Greetings Upper East Siders! This week on GG, Donut Dan’s frightening Medusa-like bedhead, and crippling self doubt, threatened to end his relationship with Blair.

But,  unfortunately, it’s not quite dead . . . yet . . . just paralyzed from the waist down, and begging to be put out of its misery.

Also on GG, Lola and Ivy gave us a glimpse into the future of both of their respective acting careers  . . . by posing as high middle lower-middle class call girls.

Meanwhile, Serena, after weeks of pretending to be Gossip Girl, put on a headband, and pretended to be Blair Waldorf instead.  (Clearly, this is a Multiple Personality Disorder waiting to happen.)

Source

In other news, Bart Bass is adjusting to not being dead anymore.  And who knows?  In another year or two he might even re-learn how to emote and display real facial expressions . . .

So, slap on your sassiest headband, pick up your favorite flavor of gelato (as long as it’s not pistachio), and, for Heaven’s Sake, hide your diary, because it’s time for another GG cap . . .

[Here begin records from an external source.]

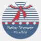 Ships ahoy for a new baby boy with this adorable design. Navy and white sailor suit with red and white collar and tie, and cute buttons. Customisable text. Baby shower invitations, thank you postcards, buttons, keepsake ornaments, stickers and more! PinkInkArt original.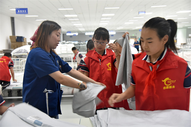 9月23日,濱城區玉龍湖小學四年級學生在老師帶領下走進公司,實地參觀了公司的生產車間以及部分展廳,現場體驗了家紡產品驗整及包裝等生產環節,感受勞動的艱辛與快樂。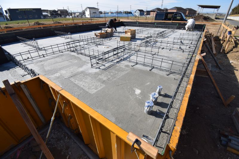 布基礎となる枠板の中に生コンが打設されました。 しばらくはコントリートが硬化するまで養生期間となります。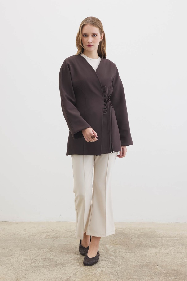 Bağlama Detaylı Kahve Ceket

“What did we bury that day?”

I suspect few GG fans would disagree with me, when I say that, as amusing as Bart Bass: Real Estate Magnate of the Undead is to watch, it’s pretty much the most ridiculously unbelievable plotline these writers have ever put on our screens . . . well, except for maybe that whole “Pact with G*d” thing.  Actually, Chuck Bass thinks it’s pretty ridiculous too. This is why he meets with his father, early on in the episode, in hopes of getting some much needed answers for himself, and, by extension, GG viewers.

“You look pretty good, for someone who’s been underground for three years, dad.  Was there a tanning bed in your hidey hole?” 

Bart explains to Chuck how one of his Big Bad Competitors . . . one with some all-too-convenient “connections to the mob,” tried to get Bart killed in that fateful car accident.  So, Bart, being the strong, powerful, manly man that he is, decided to deal with it by . . . going Ninja on his would be killer’s ass      going to the police and having him arrested  ruining him financially by buying out all his hotels    using his own mob connections to kill the guy right back  giving him a royally painful wedgie  burrowing in an underground hole for three years, while wearing a Snuggie, and watching a whole lot of Real Housewives episodes.  Bart Bass . . . MY HERO!

“This guy even makes ME look good!”

But Chuck’s not done with his interrogation.  There’s so much about this situation that still confuses him . . . and me.  Like, for example, how did Bart manage to fake a flatline in the hospital, while the entire Bass / VDW clan was standing over him, pretending to be genuinely upset about his demise?  And what or who exactly did they put in Bart’s coffin for the faux funeral?  Actually, I have a few ideas about that one . . .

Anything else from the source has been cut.